2. If you push the stick forward, the houses get bigger. If you pull it back, they get smaller. If you keep pulling the stick all the way back, the houses will eventually get bigger again.
3. Flying isn't dangerous. Crashing is dangerous.
4. It's always better to be down here wishing you were up there than to be up there wishing you were down here.
5. The propeller is just a big fan at the front of the plane to keep the pilot cool. If it stops, you can actually see the pilot start sweating!
6. You know you have landed with the wheels still up if it takes full power to taxi to the gate.
7. The only time you have too much fuel is when you're on fire.
8. The probability of survival is inversely proportionate to the angle of arrival. Large angle of arrival = small probability of survival and vice versa.
9. Always try to keep the number of landings you make equal to the number of take-offs.
10. It's always a good idea to keep the pointy end going forward as much as possible.
11. There are three simple rules for making a smooth landing. Unfortunately, nobody knows what they are.
12. Gravity is not just a good idea, it's the law. And it's not subject to appeal.
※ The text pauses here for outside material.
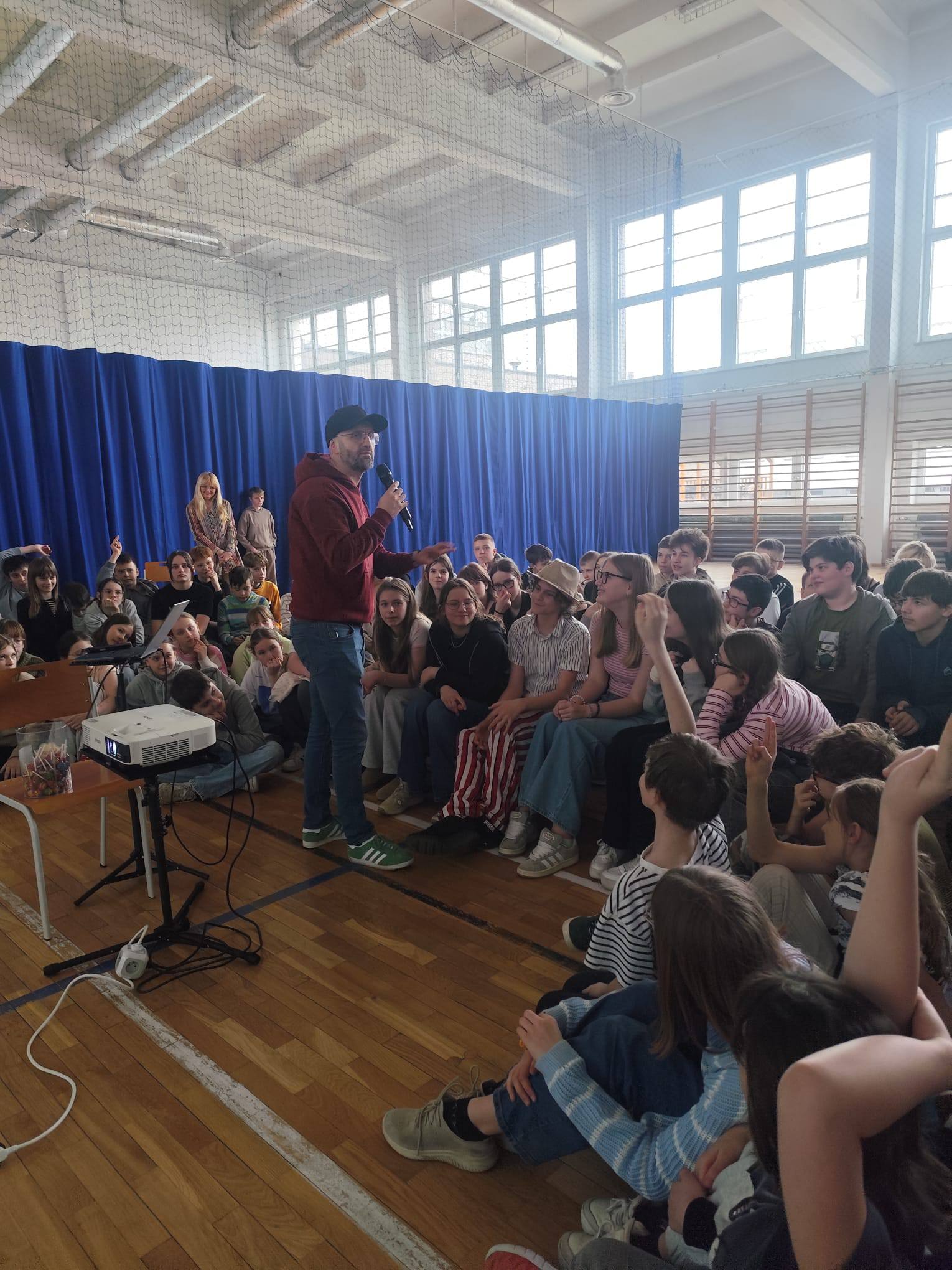 25 marca naszą szkołę odwiedził Dobromir Makowski – polski rappedagog, mówca motywacyjny i profilaktyk, który łączy muzykę rap z działalnością edukacyjną. Prowadzi spotkania dla młodzieży w całej Polsce, poruszając ważne tematy społeczne w oparciu o własne doświadczenia.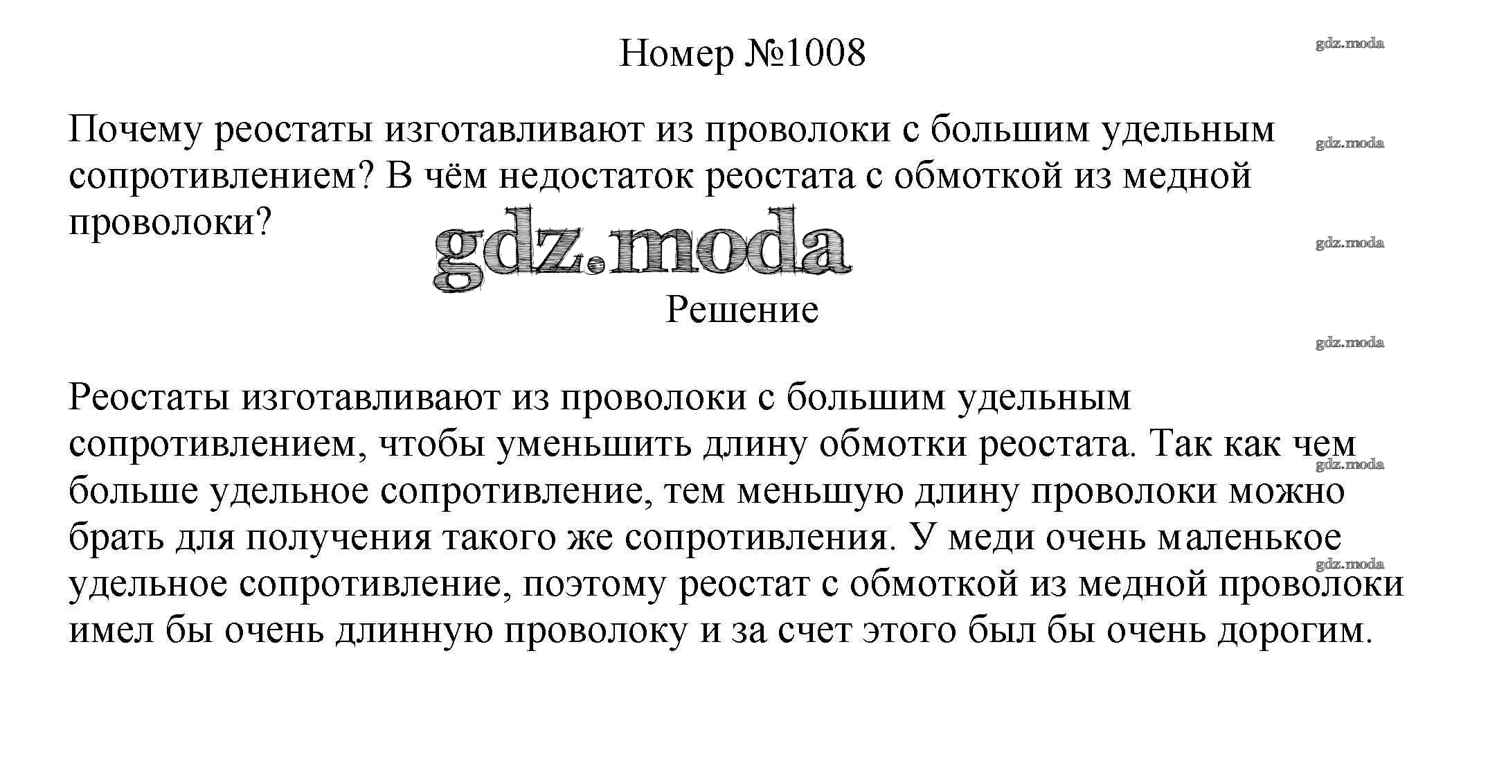 ГДЗ решение к заданию № 1008 Физика 7-9 классы сборник вопросов и задач Марон А.Е. Дрофа 2013 ФГОС бесплатно на гдз.мода!

13. No matter how bad the in-flight movie is... don't ever walk out on it.
Spideyman
January 10th, 2008, 07:12 AM
Anni and Tery what a perfect way to start a morning. Thank you!:smile2::smile2:
Tery
January 10th, 2008, 07:29 AM
Employer Speak:
Join our fast-paced team = We have no time to train you.
Duties will vary = Anyone in the office can boss you around.
Must have an eye for detail = We have no quality control.
Must be deadline oriented = You will be six months behind schedule on your first day.
Apply in person = If you're fat, old or ugly you'll be told that the position has been filled.
Competitive salary = We remain competitive by paying less than our competition.
Requires team leadership skills = You will have the responsibilities of a manger without the pay or respect.
Problem-solving skills a must = This place is in perpetual chaos.
Employee Speak:
I am adaptable = I've changed jobs a lot.
I take pride in my work = I blame others for my mistakes.
I'm extremely experienced in all aspects of office management = I've used Microsoft Office.
I'm always on the go = I'm never at my desk.
I'm highly motivated to succeed = The minute I find a better job, I'm gone!
The Golden Rules of Management
Delegating is a sign of weakness; let someone else do it.
Creativity is great but plagiarism is faster.
If God had meant for everyone to be a high-flyer, he wouldn't have invented the ground.
If at first you do succeed, try to hide your astonishment.
If at first you don't succeed, redefine success.
Anni M
January 10th, 2008, 07:44 AM
Thank you again, Anni! LMAO!
It just so happens I work for a law firm. I'll find out if any of them are from Wyoming.